4. Administrar segundo as regras do dono, não as nossas, e dar lucro a ele. Não dar prejuízo, mas trazer lucro ao dono do que temos. Usarmos o que ele nos permite, com gratidão. Usar, não abusar. Exemplos: Deus é dono de nosso tempo, e nos pediu um dia de cada sete; Deus é dono de nosso dinheiro, e nos pediu o dízimo e as ofertas.

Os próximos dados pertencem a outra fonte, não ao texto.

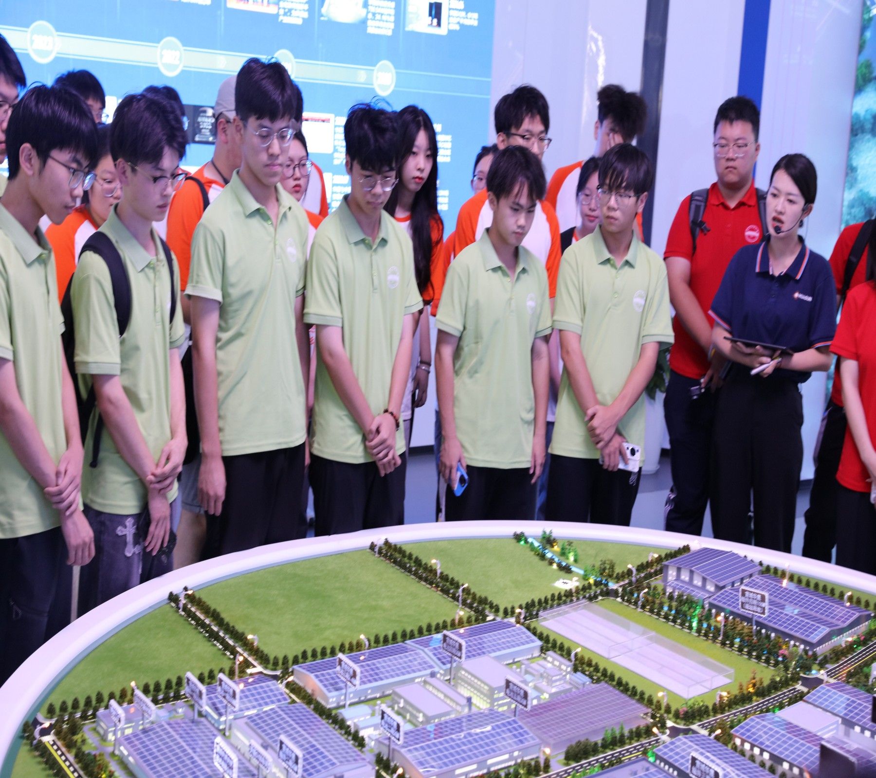 下午,团队前往宣城当地重点能源电池产业——华晟新能源公司参观调研。异质结电池作为第三代光伏电池的代表,赋予了整个行业很大的发展想象空间。在此背景之下,安徽华盛正式成立,专注于异质结电池组件的开发应用以及产品的规模化生产。在讲解员的介绍下,调研团队了解到华晟在新能源光伏电池方面不断突破,在技术,产能,发电量,材料应用方面一直寻求新的极限。

5. Pouco ou muito, fazer o melhor com o que o Senhor pôs em suas mãos. Há pessoas que vivem murmurando que têm pouco, invejando os que têm muito, e não são fiéis no pouco. Nunca serão colocados no muito! Veja Mt 25:21 e Lc 16:10. Precisamos lembrar de José, que foi fiel na escassez e na abundância. Lembrar que bons administradores conquistam a confiança do Senhor. E como o Senhor recompensa os bons administradores? Dá-lhes privilégios e mais responsabilidades! Quanto maior a responsabilidade, maior a cobrança.
Vamos prestar contas um dia. Deus é um investidor inteligente, e ele quer retorno do que tem investido em nós. Receberemos repreensão ou elogio e recompensa. Que tipo de administrador você tem sido?